2009-04-03

Spotify doubts.

A newspaper here in Norway was questioning whether Spotify has a viable business model. On the face of things it doesn't look very promising. Spotify have to compensate the organizations that manage rights to music, it is questionable whether artists see much of this money and it is also questionable if Spotify can get enough paid subscriptions to make their business generate adequate income.

Doing business with any sort of content/rights owner is dodgy from the outset. These people are slow moving, greedy and have complex contractual restrictions based on an antiquated view of the world. They still live in the 80s and see the world as a myriad of disjoint markets. Their business practices have yet to adapt to the fact that geography has stopped mattering to the consumer and that segmentation by geographic region is a major driving force in piracy. People do not feel bad about downloading content that they were willing to pay for, but that nobody would sell them. I am not so sure people should feel bad about this either. Bad business models and bad business practices should fail and it would be counterproductive to artificially keep them alive by wasting taxpayer money to investigate and prosecute willing customers that are turned away en masse.

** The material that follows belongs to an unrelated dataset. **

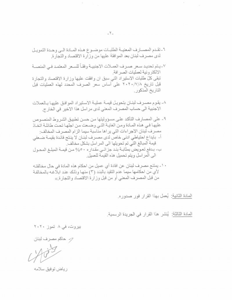 أصدر "مصرف لبنان" تعميماً بشأن التسهيلات التي يمكن ان يمنحها للمصارف والمؤسسات المالية، بحيث يمكن للمصارف الطلب من مصرف لبنان تأمين العملات الأجنبية تلبية لحاجات مستوردي ومصنعي المواد الغذائية وبقية المواد التي تدخل في الصناعات الغذائية.

As for Spotify, I think they have a lot of potential. Their current service is quite good, and from a purely technical point of view, I find it impressive. The response time is superb. The sound quality is good enough for my uses.

However, there are a few things that I miss. For instance, I would love to be able to buy tracks or albums for download through Spotify. When I walk home from work I might want to listen to content that I've found on Spotify. Right now, the only way I can download the tracks I am listening to is to turn to iTunes, Amazon or some other service where you can buy music.

Also, there is potential for a social networking component to Spotify. The potential in sharing of playliststs has not been taken as far as it could go. I also think that Spotify could learn from other services (like flickr) when it comes to building communities -- a lot of the people I have listed as contacts on flickr aren't people I know personally. They are people that I share some interest with.

Spotify has a lot of un-tapped potential. I hope the founders realize this and are able to act on it before time runs out.

I also hope that some day the organizations that manage rights to content will start to live in the present and not be so hell bent on perpetuating practices that have long since stopped making sense.